Let's take your blog example. We have a table called blog_post. You want to implement the following authorization logic:

  • all authenticated users can view any blog post.
  • a user with the role approve can change the status of a blog post from draft

There are several ways you could achieve that:

  • configure fine-grained authorization using your database tools e.g.
    • Oracle VPD (Virtual Private Database)
    • IBM DB2 RCAC (Row and column access control)
  • configure fine-grained authorization using a proxy in front of your databases
    • IBM Guardium
    • Axiomatics Data Access Filter MD (ADAF MD)

What this lets you do is

  1. decouple the authorization from the database itself.
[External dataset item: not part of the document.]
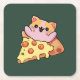 Dessous-de-verre Carré En Papier Custom Kawaii Cat Hugging Pepperoni Pizza Cartoon
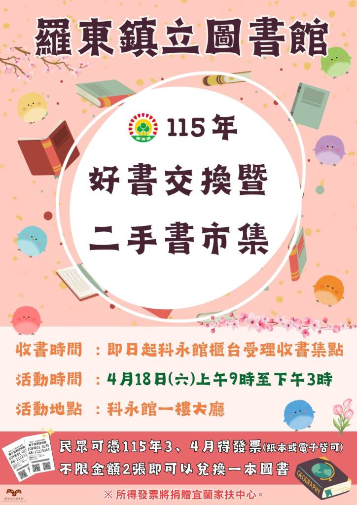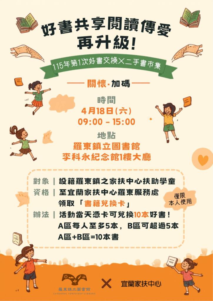 為推廣閱讀風氣並結合公益行動,羅東鎮立圖書館將於418日(星期六)上午9時至下午3時,在李科永紀念館一樓大廳舉辦「115年第1次好書交換×二手書市集」活動。今年活動特別攜手宜蘭家扶中心合作,除延續往年好書交換機制外,更進一步擴大公益參與,讓閱讀的力量溫暖更多需要的家庭。

Rather than having to create artificial tables, roles, and user accounts, you can express fine-grained logic using the tools available in VPD, DB2, or Axiomatics.
  2. Implement attribute-based access control (as defined by NIST) and data-centric security.

The proxy approach also enables full externalization of the access control logic.

Some of the benefits include:

  • non-intrusive approach: you do not need to change anything in your database. That will definitely make your sysdba happy
  • reusable for other tiers e.g. the application tier or even the presentation tier
  • easier to maintain and audit. ABAC uses attributes (key-value pairs e.g. role==manager) and policies.